- **Assignment**: The finished copy must match the records exactly, except that it contains no pictures.

Recorded data
=-=-=

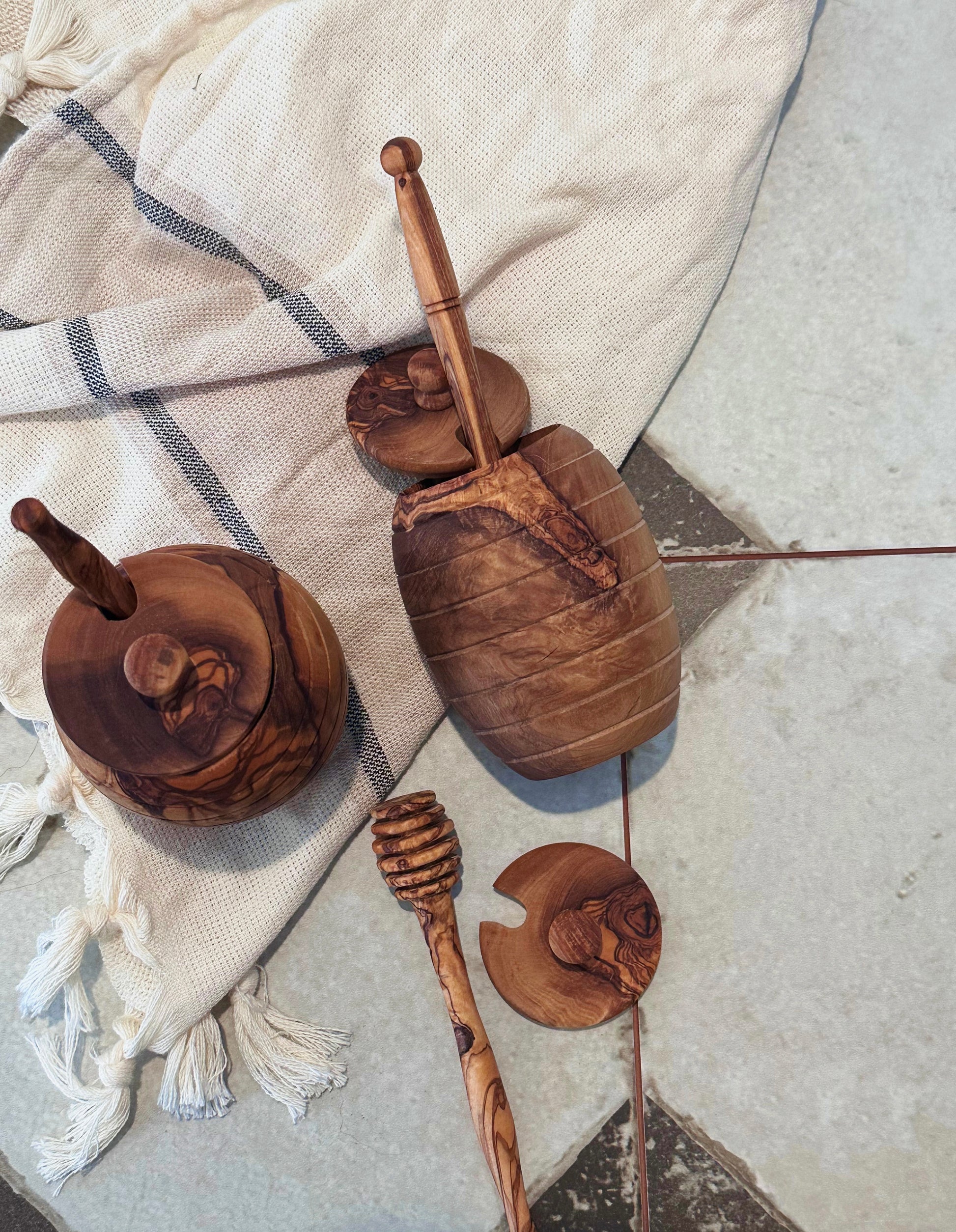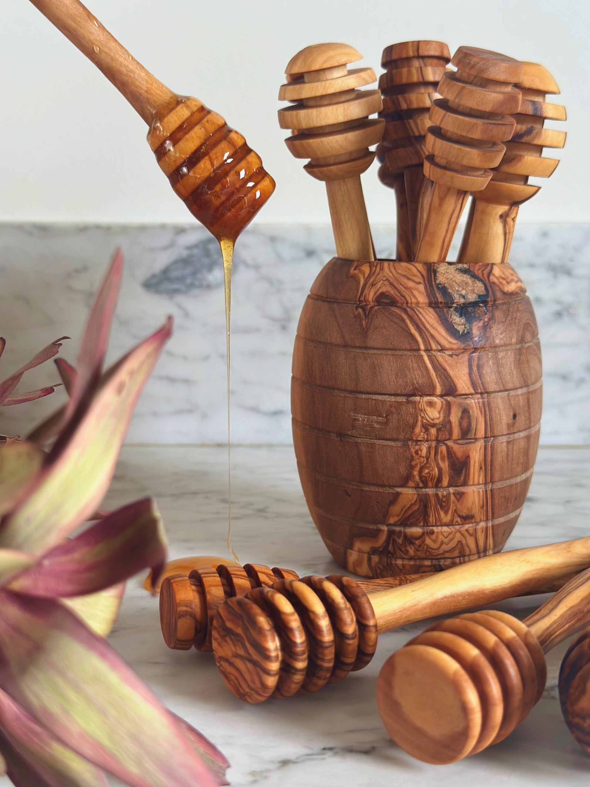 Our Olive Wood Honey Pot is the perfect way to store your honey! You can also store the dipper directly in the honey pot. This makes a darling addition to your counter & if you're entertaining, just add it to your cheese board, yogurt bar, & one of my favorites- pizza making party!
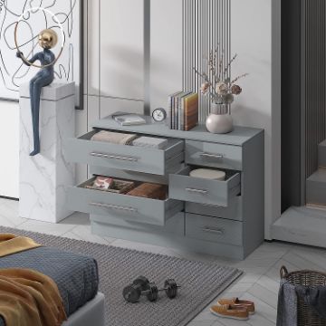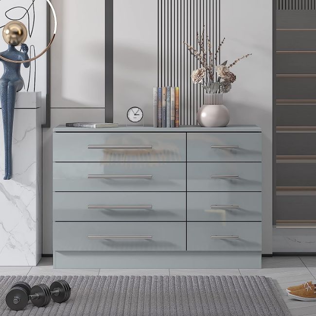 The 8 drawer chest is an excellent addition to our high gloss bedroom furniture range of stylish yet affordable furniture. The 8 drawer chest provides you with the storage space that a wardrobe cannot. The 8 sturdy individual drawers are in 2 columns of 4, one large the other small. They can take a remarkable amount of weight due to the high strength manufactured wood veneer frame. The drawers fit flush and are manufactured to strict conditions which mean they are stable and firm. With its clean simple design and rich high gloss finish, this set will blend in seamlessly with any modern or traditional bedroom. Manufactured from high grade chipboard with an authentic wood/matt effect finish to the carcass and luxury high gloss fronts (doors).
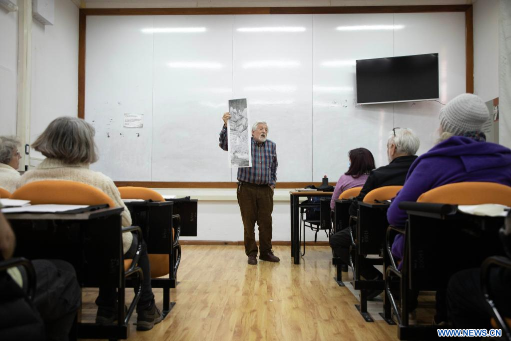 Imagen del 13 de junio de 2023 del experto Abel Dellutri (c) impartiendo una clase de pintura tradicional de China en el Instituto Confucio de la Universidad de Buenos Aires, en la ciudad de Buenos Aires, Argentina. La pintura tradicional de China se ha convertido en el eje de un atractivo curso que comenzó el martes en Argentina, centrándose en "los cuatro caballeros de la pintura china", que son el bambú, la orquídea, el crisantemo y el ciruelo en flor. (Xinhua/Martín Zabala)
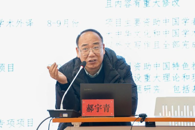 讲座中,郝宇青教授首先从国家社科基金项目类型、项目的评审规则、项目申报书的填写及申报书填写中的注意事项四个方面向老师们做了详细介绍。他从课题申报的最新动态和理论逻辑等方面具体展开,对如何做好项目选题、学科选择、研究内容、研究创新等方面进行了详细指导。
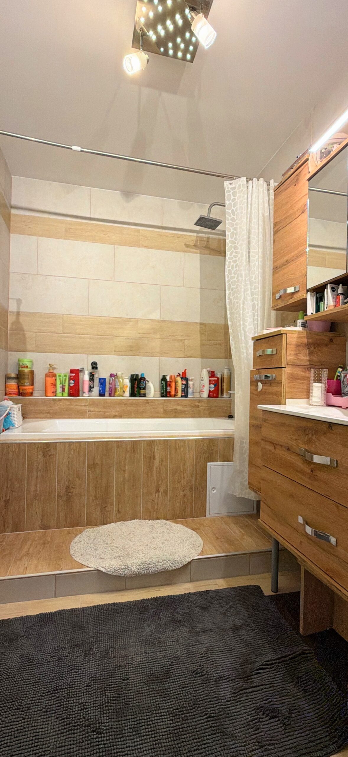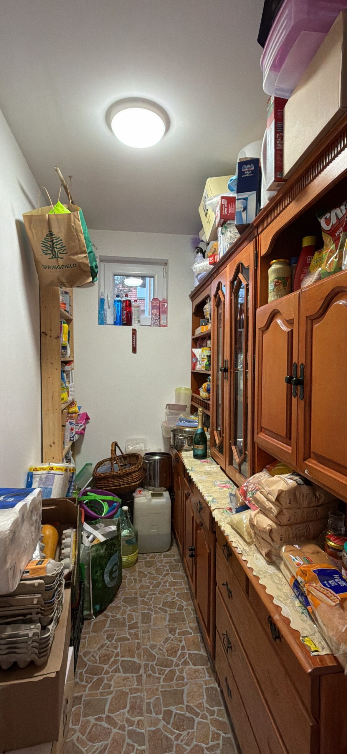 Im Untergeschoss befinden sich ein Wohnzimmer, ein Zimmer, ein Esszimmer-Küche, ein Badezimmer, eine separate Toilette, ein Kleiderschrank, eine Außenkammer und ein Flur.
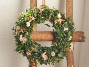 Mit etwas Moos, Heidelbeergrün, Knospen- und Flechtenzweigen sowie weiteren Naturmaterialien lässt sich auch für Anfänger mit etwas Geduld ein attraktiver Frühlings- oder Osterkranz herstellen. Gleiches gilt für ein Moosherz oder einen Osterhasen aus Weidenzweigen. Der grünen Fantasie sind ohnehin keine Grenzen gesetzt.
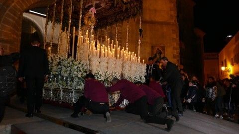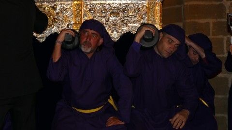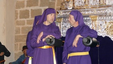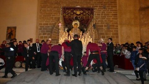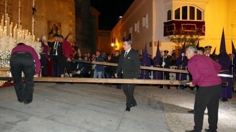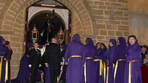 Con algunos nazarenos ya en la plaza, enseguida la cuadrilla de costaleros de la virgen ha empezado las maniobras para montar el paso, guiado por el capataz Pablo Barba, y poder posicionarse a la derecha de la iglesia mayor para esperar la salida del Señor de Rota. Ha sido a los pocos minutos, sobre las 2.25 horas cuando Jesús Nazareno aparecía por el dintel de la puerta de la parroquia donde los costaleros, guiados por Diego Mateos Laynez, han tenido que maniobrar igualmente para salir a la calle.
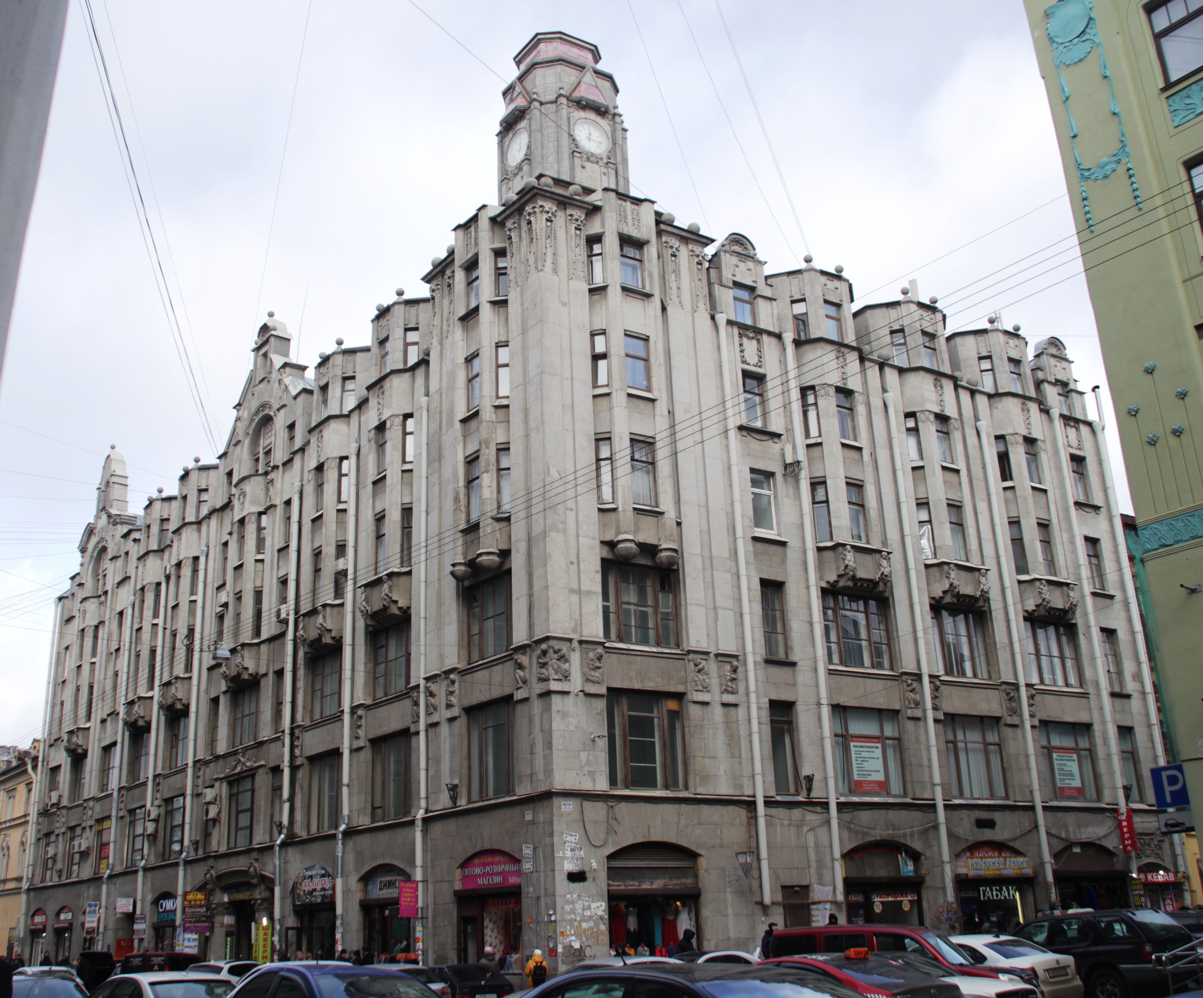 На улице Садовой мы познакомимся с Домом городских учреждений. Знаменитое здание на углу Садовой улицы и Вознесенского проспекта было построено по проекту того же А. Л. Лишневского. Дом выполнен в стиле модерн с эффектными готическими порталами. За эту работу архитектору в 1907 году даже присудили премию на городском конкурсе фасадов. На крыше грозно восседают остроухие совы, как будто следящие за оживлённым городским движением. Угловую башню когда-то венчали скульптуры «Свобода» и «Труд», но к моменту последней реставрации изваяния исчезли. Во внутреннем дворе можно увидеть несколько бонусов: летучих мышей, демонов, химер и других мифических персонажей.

=-=-=

- **Reply**:
 Our Olive Wood Honey Pot is the perfect way to store your honey! You can also store the dipper directly in the honey pot. This makes a darling addition to your counter & if you're entertaining, just add it to your cheese board, yogurt bar, & one of my favorites- pizza making party!
 The 8 drawer chest is an excellent addition to our high gloss bedroom furniture range of stylish yet affordable furniture. The 8 drawer chest provides you with the storage space that a wardrobe cannot. The 8 sturdy individual drawers are in 2 columns of 4, one large the other small. They can take a remarkable amount of weight due to the high strength manufactured wood veneer frame. The drawers fit flush and are manufactured to strict conditions which mean they are stable and firm. With its clean simple design and rich high gloss finish, this set will blend in seamlessly with any modern or traditional bedroom. Manufactured from high grade chipboard with an authentic wood/matt effect finish to the carcass and luxury high gloss fronts (doors).
 Imagen del 13 de junio de 2023 del experto Abel Dellutri (c) impartiendo una clase de pintura tradicional de China en el Instituto Confucio de la Universidad de Buenos Aires, en la ciudad de Buenos Aires, Argentina. La pintura tradicional de China se ha convertido en el eje de un atractivo curso que comenzó el martes en Argentina, centrándose en "los cuatro caballeros de la pintura china", que son el bambú, la orquídea, el crisantemo y el ciruelo en flor. (Xinhua/Martín Zabala)
 讲座中,郝宇青教授首先从国家社科基金项目类型、项目的评审规则、项目申报书的填写及申报书填写中的注意事项四个方面向老师们做了详细介绍。他从课题申报的最新动态和理论逻辑等方面具体展开,对如何做好项目选题、学科选择、研究内容、研究创新等方面进行了详细指导。
 Im Untergeschoss befinden sich ein Wohnzimmer, ein Zimmer, ein Esszimmer-Küche, ein Badezimmer, eine separate Toilette, ein Kleiderschrank, eine Außenkammer und ein Flur.
 Mit etwas Moos, Heidelbeergrün, Knospen- und Flechtenzweigen sowie weiteren Naturmaterialien lässt sich auch für Anfänger mit etwas Geduld ein attraktiver Frühlings- oder Osterkranz herstellen. Gleiches gilt für ein Moosherz oder einen Osterhasen aus Weidenzweigen. Der grünen Fantasie sind ohnehin keine Grenzen gesetzt.
 Con algunos nazarenos ya en la plaza, enseguida la cuadrilla de costaleros de la virgen ha empezado las maniobras para montar el paso, guiado por el capataz Pablo Barba, y poder posicionarse a la derecha de la iglesia mayor para esperar la salida del Señor de Rota. Ha sido a los pocos minutos, sobre las 2.25 horas cuando Jesús Nazareno aparecía por el dintel de la puerta de la parroquia donde los costaleros, guiados por Diego Mateos Laynez, han tenido que maniobrar igualmente para salir a la calle.
 На улице Садовой мы познакомимся с Домом городских учреждений. Знаменитое здание на углу Садовой улицы и Вознесенского проспекта было построено по проекту того же А. Л. Лишневского. Дом выполнен в стиле модерн с эффектными готическими порталами. За эту работу архитектору в 1907 году даже присудили премию на городском конкурсе фасадов. На крыше грозно восседают остроухие совы, как будто следящие за оживлённым городским движением. Угловую башню когда-то венчали скульптуры «Свобода» и «Труд», но к моменту последней реставрации изваяния исчезли. Во внутреннем дворе можно увидеть несколько бонусов: летучих мышей, демонов, химер и других мифических персонажей.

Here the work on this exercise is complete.